When he got back to Abilene, Horn showed Castro the medal and pictures from the run.
“I was really proud of him, that he did that,” she said. “He showed me the map of the course, and it’s a long way. I was very proud that he did that.”
VICTORY LAP
Horn plans on running the Disney Marathon again on Jan. 11, 2004, but this time he’s not going alone: He’s already helped recruit around 23 people who are interested in making the run. Horn is now one of the Abilene area trainers, as is Fletcher, a fitness trainer at Hendrick Health System. On Friday, the two of them-as well as Leukemia & Lymphoma Society Dallas office coordinator Suzanne Patterson-will host a kick-off meeting for Abilene-area runners in the Living Room of the McGlothlin Campus Center. Castro, too, said she would make an appearance.

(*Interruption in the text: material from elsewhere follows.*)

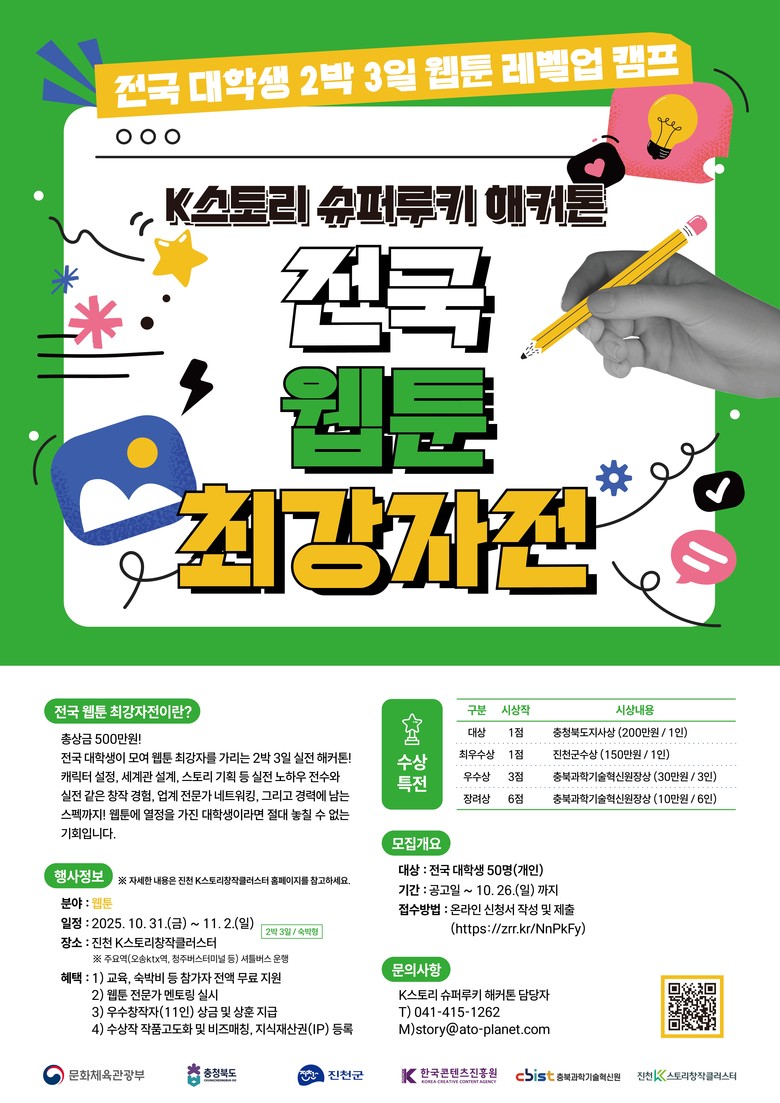 대한민국 K-웹툰이 전 세계의 주목을 받는 가운데 새로운 창작 인재를 발굴하고 육성하기 위해 마련된 이번 행사는, 10월 31일부터 11월 2일까지 2박 3일간 진천 K스토리창작클러스터에서 해커톤 형식으로 진행된다. 우수 참가자 11명에게는 총상금 500만 원과 향후 콘텐츠 제작 지원 기회가 주어질 예정이다.

“It’s designed to solidify those who’ve signed up to run and to sign up people who might be interested,” Horn said.
Fletcher reaffirmed Horn’s notion that anyone of any shape or size is physically able to run the marathon.
“It’s the most surprising thing,” said Fletcher, who ran in the San Diego Rock ‘n’ Roll Marathon last year. “There’s very few in-shape people. My mom and mother-in-law are bothing running the half-marathon this year, and my mom’s never done one thing of exercise in her life.”
Castro has been out of the hospital now for two years, and hasn’t had a blood transfusion in over a year. She’s all but waiting for the doctors to tell her that her cancer is in remission. Were it not for the strength and determination of thousands of runners across the country, the funding might not have been available to see her in her current, healthy state. For anyone riding the fence on whether or not to do the marathon, says Castro, go for it.
“Do it,” she said. “It could help a person that needs the money for special medication. It could save someone’s life.”
All it takes is a little motivation.